Autovía en Santa Rosa

Santa Rosa, capital de la provincia de La Pampa, crece hacia el sureste. Allí viven más de 15.000 personas que transitan por calles angostas y en mal estado. Hace años se diseñó una autovía que ayudaría a la circulación y mejoraría la planificación urbanística. Hasta el momento sólo existe en los papeles.

En el año 2014, un 16 de diciembre por la noche, en una Audiencia Pública organizada por la Municipalidad de Santa Rosa, se presentaba un proyecto para construir una autovía que uniría barrios como Mandela, Kirchner, Pueblos Originarios, etc, con el resto de la capital pampeana.

Con un escenario de fuertes cruces entre concejales oficialistas y opositores, el debate en aquel año estaba centrado hacia dónde debía crecer la ciudad.
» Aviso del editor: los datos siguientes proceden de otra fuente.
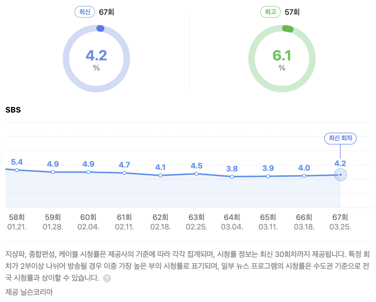 아래 정보를 통해 최고 시청률과 최신시청률, 평균 시청률 흐름을 확인하세요!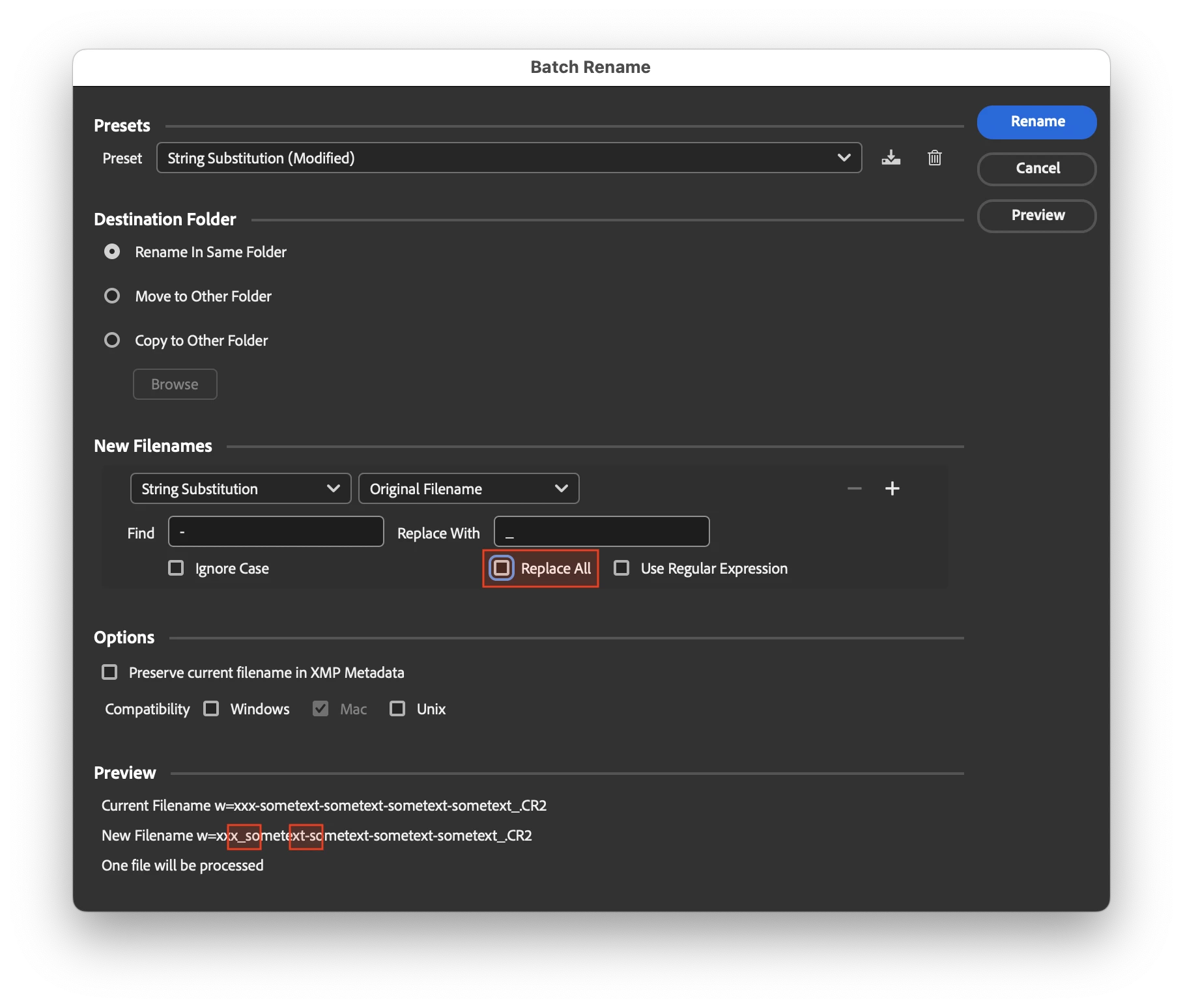 Numbers of x are different. I want to only change the first - to _ like below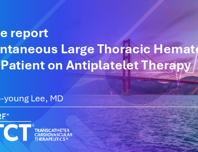Presentation TCT 2025 TCT 1852: Case Report: Spontaneous Large Thoracic Hematoma in a Patient on Antiplatelet Therapy Presenter: Soo-Young Lee October 28, 2025 REGISTER for free or LOG IN to view this content TCT 2025 Up Next Presentation TCT 2025 TCT 1885: Samurai's Crush: A Novel Technique to Optimize Protruding Stent Into the Left Main Artery Without a Wire Across Presenter: Arun Mohan October 28, 2025 More slides + Presentation TCT 2025 TCT 1640: "Double Zero PCI" in a Patient With Contrast Anaphylaxis Shock Presenter: Tan Chen Ting October 28, 2025 Presentation TCT 2025 TCT 1701: Is an Invasive Coronary Angiography Enough? Presenter: Barbara Zdzierak October 28, 2025 We Recommend Disclosures <p>Nothing to disclose</p>

Con el auge habitacional que generaba el ProCreaAr, el interés fue solo inmobiliario y la cuestión se simplificó a habilitar o no tierras para loteos en el este y oeste de la ciudad.

Pasadas las 20 horas de aquel 16 de diciembre de 2014, comenzó la audiencia y fue el arquitecto Javier Hernández el encargado de explicar de qué se trataba la propuesta de ordenamiento urbanístico de Santa Rosa. “La Municipalidad pretende ampliar, articular y consolidar espacios de la ciudad con ordenanzas que cambien el ordenamiento vial, la zonificación urbana y los incrementos del costo de las tasas de baldíos”, decía el arquitecto integrante del plantel municipal.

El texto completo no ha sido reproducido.